Last update: Wednesday 2/7/24
Welcome to our 5Jan24 TL;DR summary about the past week's top AI stories on our "Useful AI News" page ➡ GenAI related comments by CEOs during investor conference calls about the latest quarterly reports from Google, Apple, Amazon, and Microsoft
A. TL;DR ... Top 4 stories in past week ...
Our top stories last week were about the Big Tech Five minus Facebook, i.e., about Amazon, Apple, Google, and Microsoft.

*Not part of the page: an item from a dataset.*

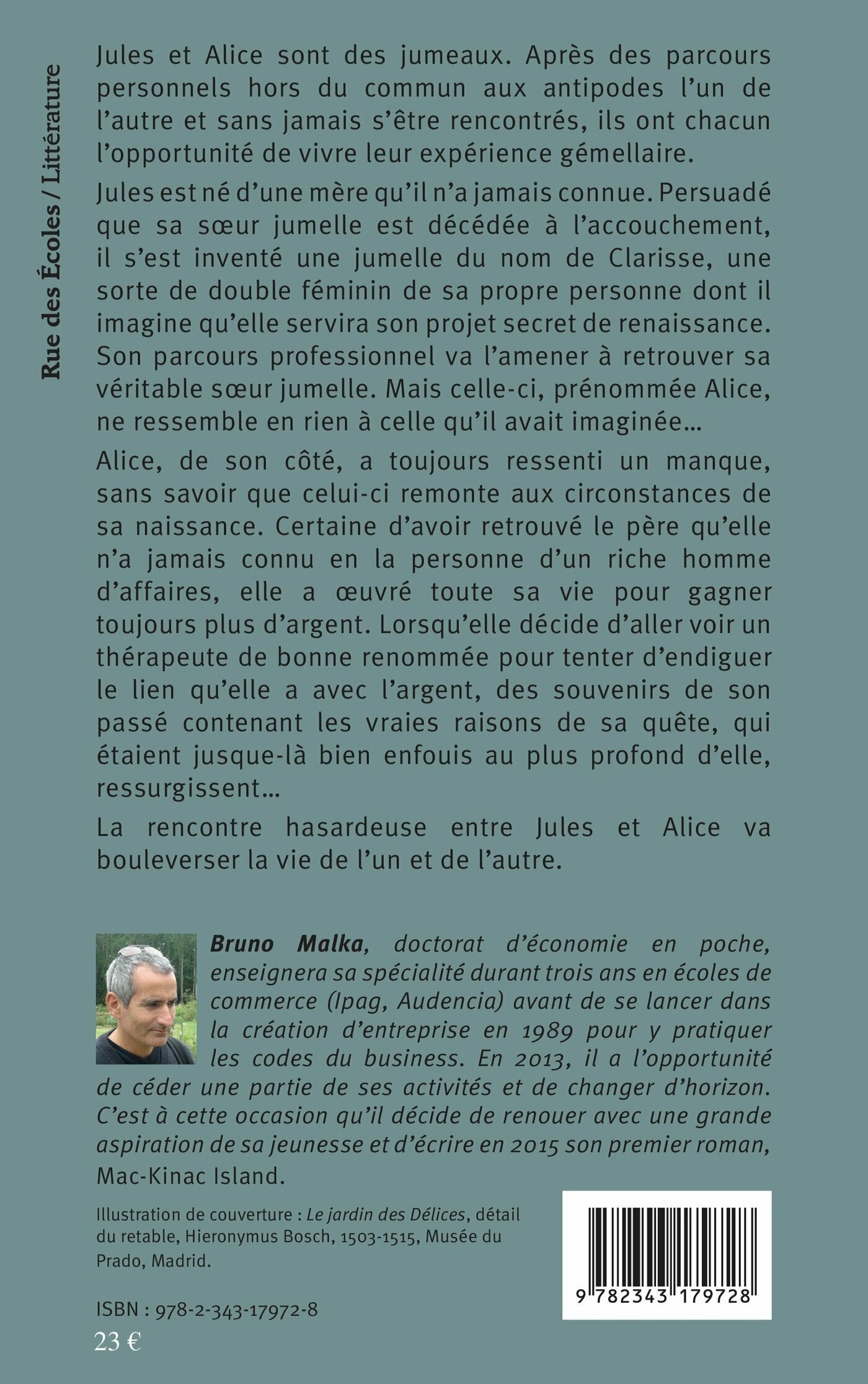 Jules et Alice sont jumeaux mais ne se sont jamais rencontrés, vivant dans deux univers tout à fait opposés. Jules, pensant que sa soeur était décédée à l’accouchement, s’est construit une jumelle fictive, Clarisse. Son parcours professionnel va pourtant l’amener à rencontrer Alice, qui se révèle bien différente de ce qu’il avait imaginé.Alice, de son côté, est en quête de ses origines et pense retrouver son père en la personne d’un riche homme d’affaires. Une thérapie entamée suite à un rapport maladif à l’argent fera ressurgir en elle des souvenirs passés, jusque-là enfouis en elle.La rencontre hasardeuse entre Jules et Alice va bouleverser la vie de l’un et de l’autre.

To be specific, our stories related to GenAI comments made by their CEOs during investors' conference calls that discussed their last quarterly earnings reports.
The challenge to the Big Tech CEOs was straight-forward: If a company was making billion dollar investments in generative AI, its CEO had to (1) identify a large market segment wherein the CEO's company was dominant, and (2) convince potential investors that the company had a strategy that would enable it to use generative AI to derive substantially larger revenue streams from that segment.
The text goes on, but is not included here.